**Try it:** Set down precisely the lines from the line with "2020-11-14 23:22:53閱" through the end of the material, inclusive, and no pictures.

**Available data:**
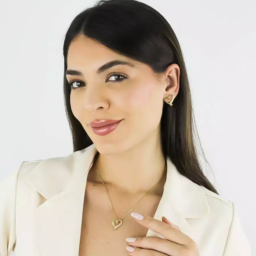 Este conjunto da Carmen Romana reúne romantismo e elegância em cada detalhe. Composto por corrente veneziana, pingente e brincos em formato de coração vazado, todos cravejados com zircônias cristais, oferece um visual leve e sofisticado para todas as ocasiões.
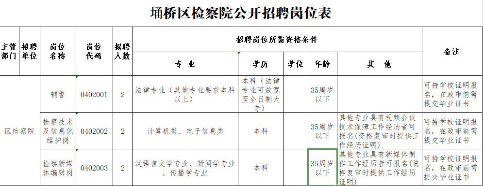 2020-11-14 23:22:53閱讀()安徽省宿州市埇橋區(qū)檢察院按照《宿州市埇橋區(qū)人民政府辦公室關(guān)于印發(fā)埇橋區(qū)政府購(gòu)買服務(wù)崗位管理暫行辦法(試行)的通知》(埇政辦秘〔2017〕118號(hào))和《宿州市埇橋區(qū)人民政府辦公室關(guān)于印發(fā)進(jìn)一步規(guī)范埇橋區(qū)政府購(gòu)買服務(wù)崗位管理實(shí)施意見(jiàn)的通知》(埇政辦秘〔2020〕16號(hào))的有關(guān)規(guī)定,宿州市埇橋區(qū)人民檢察院委托埇橋區(qū)勞動(dòng)事務(wù)代理中心,以政府購(gòu)買崗位的形式面向社會(huì)公開(kāi)招聘檢察工作人員,現(xiàn)就有關(guān)事項(xiàng)公告如下:
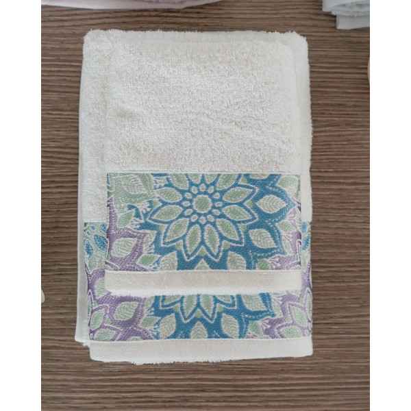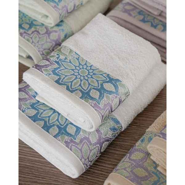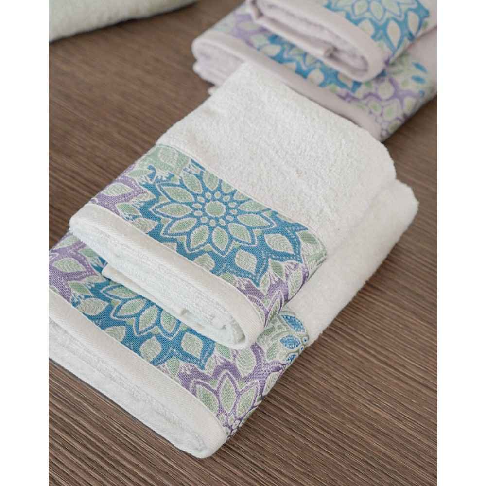 Set Asciugamani Flowers Viso e Ospite 100% Spugna di Cotone Vingi Ricami
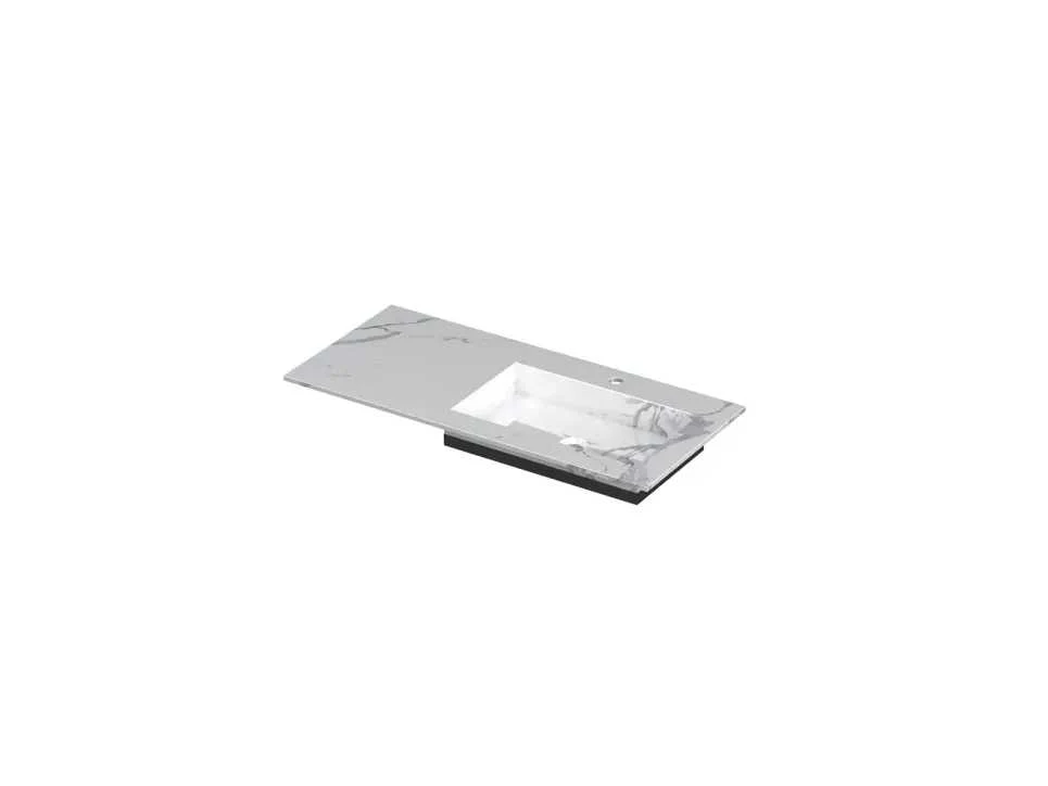 INK Post Wastafel rechts - 1 wasbak - 1 kraangat - 100x45x1 cm - Keramiek statuario glans De INK Post wastafel is een stijlvolle wastafel die perfect is voor elke badkamer. Hij is 100 cm breed, 45 cm diep en 1 cm hoog. De wastafel bevat 1 wasbak en 1 kraangat, de kleur van de wastafel is Statuario glans. De INK Post wastafel is gemaakt van 10 mm dik keramisch tegelmateriaal met superieure technische eigenschappen. Het 100% natuurlijke, keramische materiaal is gemaakt van granietmaterialen, glasmineralen en natuurlijke oxiden. Deze tegelplaten worden onder extreem hoge druk samengeperst en daarna door een oven op een temperatuur van 1200 graden gevoerd. Dit verdichtingsproces creëert een hard en esthetisch tegelmateriaal dat onderhoudsarm, niet poreus en bijzonder kras- en hittebestendig is en eveneens een lange levensduur garandeert. Deze slanke keramische watafels zijn verkrijgbaar in 7 breedtematen en 3 matte kleuren; wit marmer (Calacatta mat), grijs marmer (Armani Grey) en zwart marmer (Lauren Black) en 1 glanzende wit marmerkleur (Statuario glans). De Post wastafel heeft een wasbak met een centraal, schuin aflopende envelopbodem en laat zich prima combineren met alle 45 cm diep onderkasten uit de INK-collectie. Merk: INK Type: Post Totale afmeting L: 1000mm Totale afmeting Breedte: 450mm Totale afmeting Hoogte: 10mm

**Exercise response:**
 2020-11-14 23:22:53閱讀()安徽省宿州市埇橋區(qū)檢察院按照《宿州市埇橋區(qū)人民政府辦公室關(guān)于印發(fā)埇橋區(qū)政府購(gòu)買服務(wù)崗位管理暫行辦法(試行)的通知》(埇政辦秘〔2017〕118號(hào))和《宿州市埇橋區(qū)人民政府辦公室關(guān)于印發(fā)進(jìn)一步規(guī)范埇橋區(qū)政府購(gòu)買服務(wù)崗位管理實(shí)施意見(jiàn)的通知》(埇政辦秘〔2020〕16號(hào))的有關(guān)規(guī)定,宿州市埇橋區(qū)人民檢察院委托埇橋區(qū)勞動(dòng)事務(wù)代理中心,以政府購(gòu)買崗位的形式面向社會(huì)公開(kāi)招聘檢察工作人員,現(xiàn)就有關(guān)事項(xiàng)公告如下:
 Set Asciugamani Flowers Viso e Ospite 100% Spugna di Cotone Vingi Ricami
 INK Post Wastafel rechts - 1 wasbak - 1 kraangat - 100x45x1 cm - Keramiek statuario glans De INK Post wastafel is een stijlvolle wastafel die perfect is voor elke badkamer. Hij is 100 cm breed, 45 cm diep en 1 cm hoog. De wastafel bevat 1 wasbak en 1 kraangat, de kleur van de wastafel is Statuario glans. De INK Post wastafel is gemaakt van 10 mm dik keramisch tegelmateriaal met superieure technische eigenschappen. Het 100% natuurlijke, keramische materiaal is gemaakt van granietmaterialen, glasmineralen en natuurlijke oxiden. Deze tegelplaten worden onder extreem hoge druk samengeperst en daarna door een oven op een temperatuur van 1200 graden gevoerd. Dit verdichtingsproces creëert een hard en esthetisch tegelmateriaal dat onderhoudsarm, niet poreus en bijzonder kras- en hittebestendig is en eveneens een lange levensduur garandeert. Deze slanke keramische watafels zijn verkrijgbaar in 7 breedtematen en 3 matte kleuren; wit marmer (Calacatta mat), grijs marmer (Armani Grey) en zwart marmer (Lauren Black) en 1 glanzende wit marmerkleur (Statuario glans). De Post wastafel heeft een wasbak met een centraal, schuin aflopende envelopbodem en laat zich prima combineren met alle 45 cm diep onderkasten uit de INK-collectie. Merk: INK Type: Post Totale afmeting L: 1000mm Totale afmeting Breedte: 450mm Totale afmeting Hoogte: 10mm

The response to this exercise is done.